I am not able to read the file and folders from the sharepoint site. I am getting the below error while accessing it. I have all the details correct the tenant id, application and cilent secret also the permission are granted refer the screenshot.
Error message:
Find Files And Folders: Code: AccessDenied
Message: Either scp or roles claim need to be present in the token.
Inner error:
AdditionalData:
date: 2025-01-21T07:04:29
request-id: dd57062a-980b-4280-a7b4-fa064ca66dd1
client-request-id: dd57062a-980b-4280-a7b4-fa064ca66dd1
ClientRequestId: dd57062a-980b-4280-a7b4-fa064ca66dd1
Delegated are user specific permissions…when used with 3rd party applications with client id and secret user cannot authenticate so application scope is to be used
tried with authentication type as username and password but getting below error Find Files And Folders: Code: generalException
Message: An error occurred sending the request.

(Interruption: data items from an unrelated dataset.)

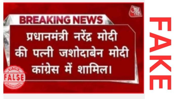 तथ्य-जांच के बाद हमने पाया कि, वायरल ग्राफिक्स फर्जी है. प्रधानमंत्री नरेंद्र मोदी की पत्नी जशोदाबेन के कांग्रेस में शामिल होने का दावा झूठा है.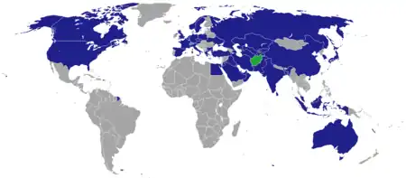 Voici les représentations diplomatiques de l'Afghanistan à l'étranger, hormis les consulats honoraires :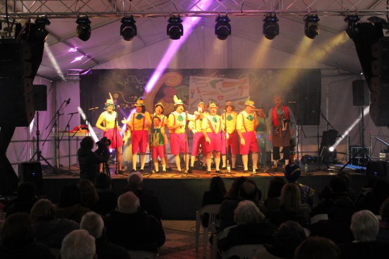 Los primeros en subir al escenario fueron los componentes del Chin-Chón disfrazados de ‘pinochos’ que abrieron su actuación señalando a las nuevas tecnologías y, especialmente, a la inteligencia artificial y las redes sociales, como fuente de amistad. En ese recorrido, la agrupación se detuvo en Sánchez y Puigdemont, mientras que en el análisis local se coló la Plaza de España, la tienda de Vicentillo y la últimas elecciones municipales con adiós incluido al hasta hace una semana portavoz municipal.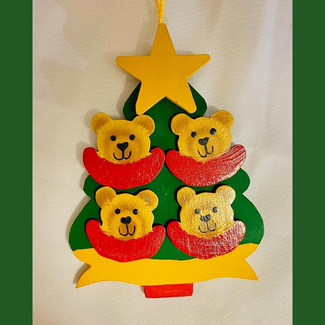 Personalized Christmas tree ornament with Teddy Bear faces. This Hanging Christmas Tree Ornament measures 4.5" x 3.5". The tree is hand painted green, with a red base, golden yellow banner and star. The tree has a yellow cord for immediate display. Teddy Bear faces come with a red or white collar for personalization. The ornament has been created from baltic birch A thin coat of seal helps preserve the ornament for years to come.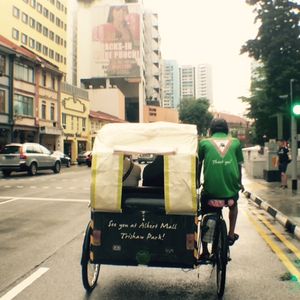 二階建てバスやトライショー、クルージングなど様々な乗り物に乗る事が出来ます。トライショーは雨の中でしたが、雨除けもついているので安心です。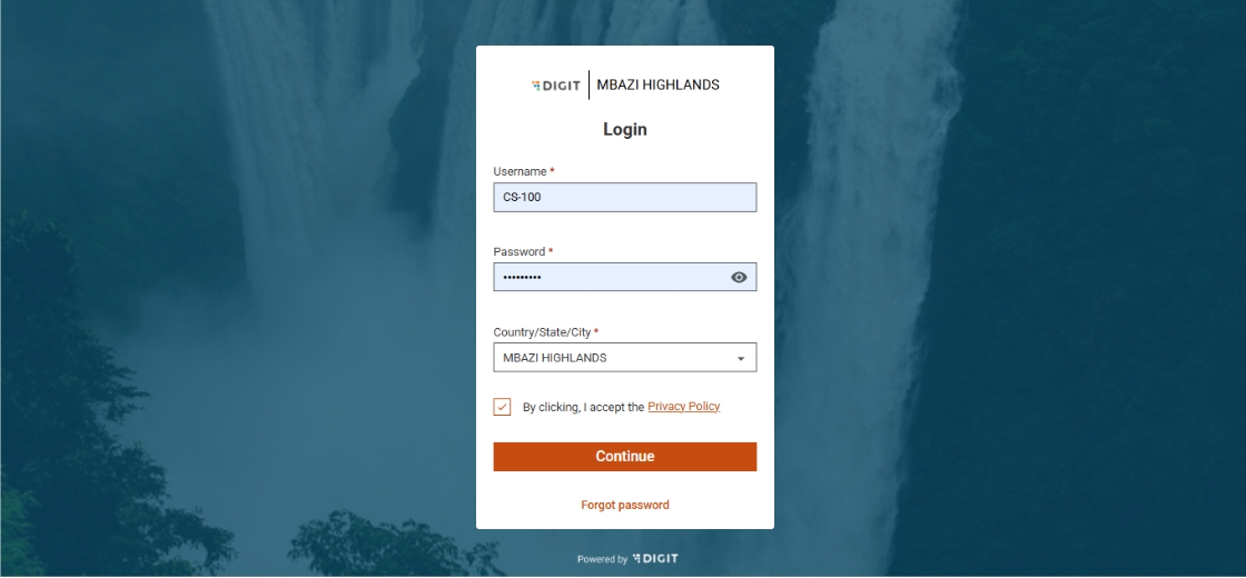 Next is the login page, where the credentials for a campaign supervisor are entered and the assigned boundary is selected. After reading through the privacy policy statement, select the checkbox to indicate acceptance. Then click on ‘Continue’ to proceed.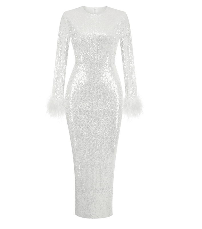 Elevate your style with the Ania Midi Dress. This luxurious white sequin dress features delicate feather detailing on the sleeves, creating a sophisticated and exclusive look. Indulge in the world of high fashion with this elegant and tasteful piece.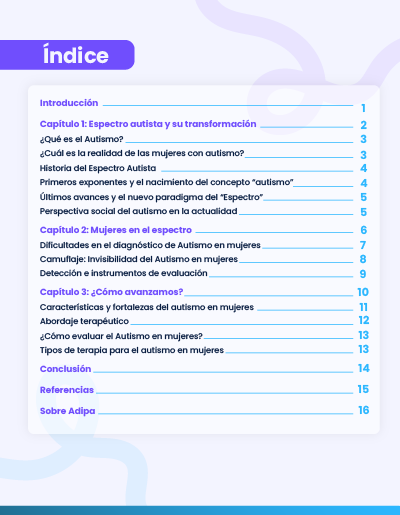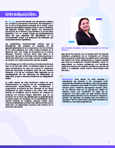 📌 Bienvenidos al Ebook de Autismo en mujeres: Diagnóstico tardío y consecuencias que busca ofrecer información actualizada, desde una perspectiva profesional y clínica, sobre el abordaje del autismo en mujeres o también catalogado como Trastorno del Espectro Autista (TEA) por el DSM-V como por la CIE-11.
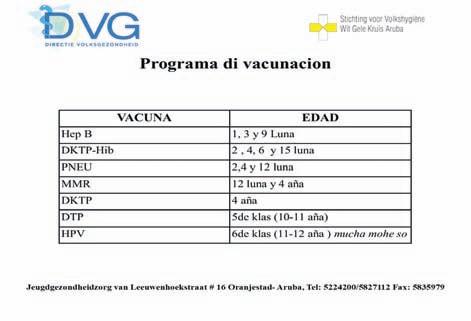 ARUBA- 12.09.2024. Departamento di Salud Publico pa medio di su seccion Cuido Salud Hubenil (Jeugdgezondheidszorg) ta encarga cu vacunacion di nos muchanan na Aruba. E programa di vacunacion Nacional ta wordo maneha pa Seccion Cuido Salud Hubenil y ta cuminsa for di baby na consultorionan di Wit Gele Kruis unda dokternan di seccion Cuido Salud Hubenil ta controla desaroyo y ta vacuna nos muchanan te cu edad di 4 aña. Despues di 4 aña e mucha su desaroyo y skema di vacunacion ta sigui wordo monitor pa Seccion Cuido Salud Hubenil na scol preparatorio y basico. E vacunanan cu Seccion Cuido Salud Hubenil ta provee na nos muchanan ta e vacunanan regular DKTP, MMR y Hep B y desde algun aña a introduci e vacuna di HPV. E vacuna di DKTP ta proteha contra malesanan Difteria,Pertusis(Kinkhoes t),Tetanus y Polio. E vacuna di MMR ta proteha contra e malesanan Sarampi, Cacheton y Sarampi Aleman. E vacuna di Hep B ta proteha contra Hepatitis B y e vacuna di HPV ta proteha contra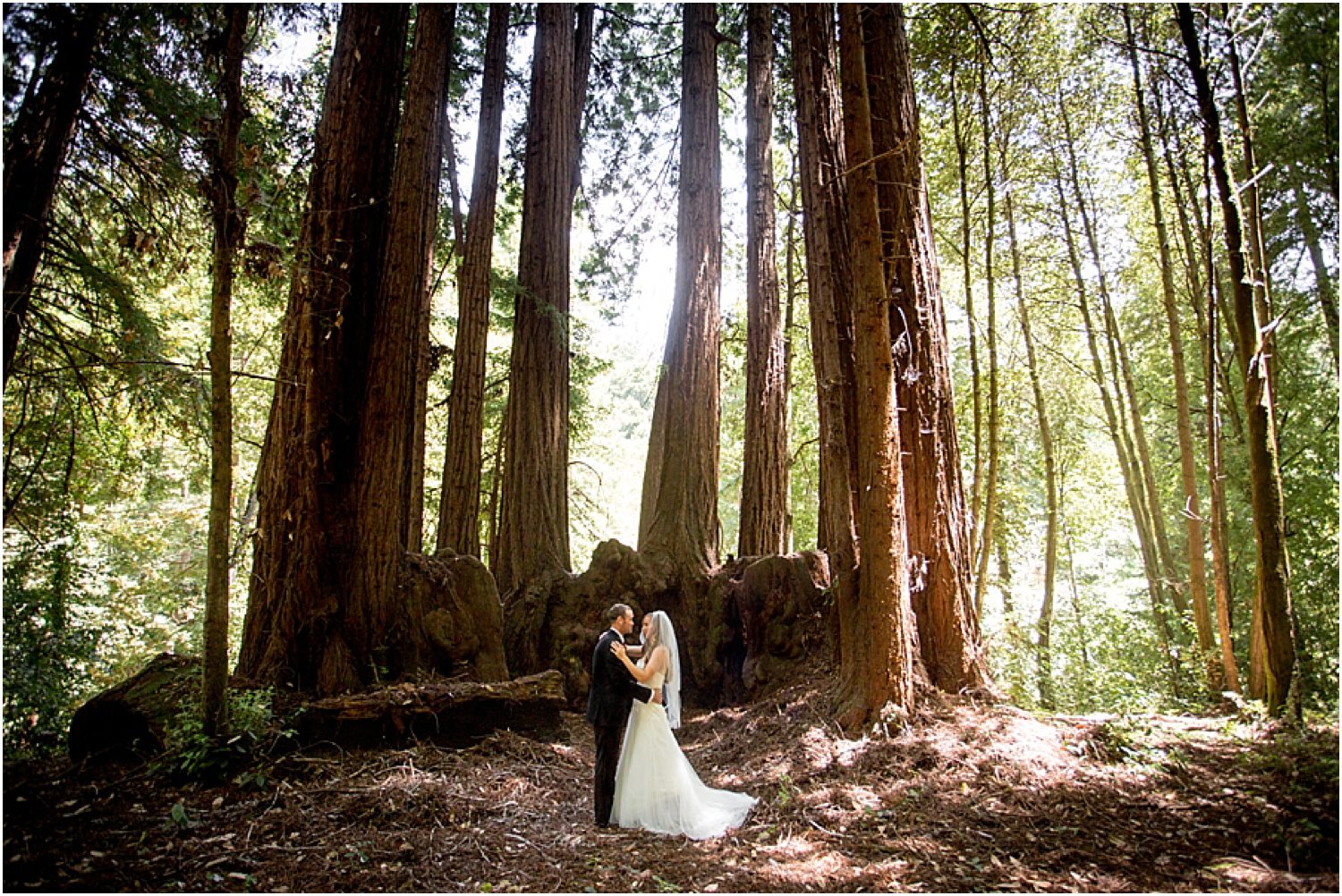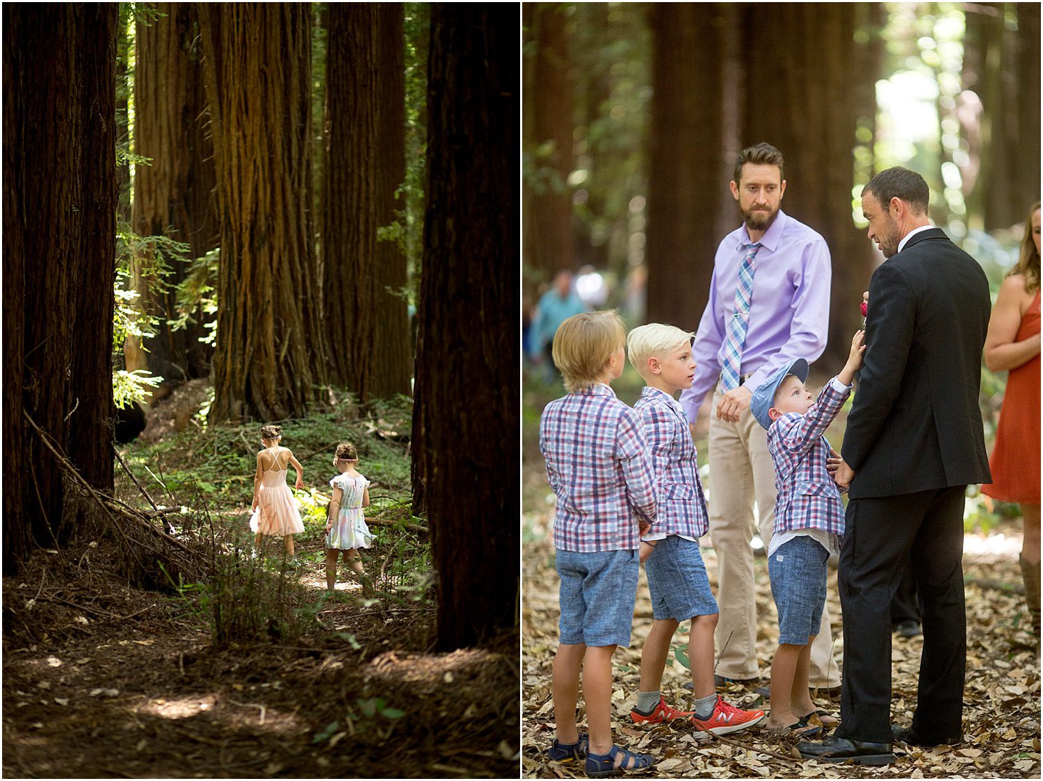 The California redwoods and sequoias – a photographer’s dream to photograph. When I talked to Kat and Tim about their Aptos wedding, and she told me about the Forest of Nisene, I may have done a happy dance in the car. Not only was the wedding being held in the forest, but it was on a trail Kat grew up hiking, and at a fairy circle (where the base of the trees begin to grow together, creating a circle enclosure). My amazing secondary photographer (the awesome Molly) and I drove straight to Aptos after arriving at Santa Cruz, arriving to see the amazing light falling through the trees and onto the forest floor.

RemoteException wrapping Microsoft.Graph.ServiceException: Code: generalException
Message: An error occurred sending the request.
—> RemoteException wrapping Microsoft.Identity.Client.MsalUiRequiredException: AADSTS50076: Due to a configuration change made by your administrator,
or because you moved to a new location,
you must use multi-factor authentication to access ‘00000003-0000-0000-c000-000000000000’. Trace ID: e3356654-13a3-4286-94f5-216324ac5400 Correlation ID: a194e8ae-56d0-40a1-96e2-82949052abf3 Timestamp: 2025-01-22 07:01:37Z
at Microsoft.Identity.Client.OAuth2.OAuth2Client.ThrowServerException(HttpResponse response,
RequestContext requestContext)
at Microsoft.Identity.Client.OAuth2.OAuth2Client.CreateResponse[T](HttpResponse response,
RequestContext requestContext)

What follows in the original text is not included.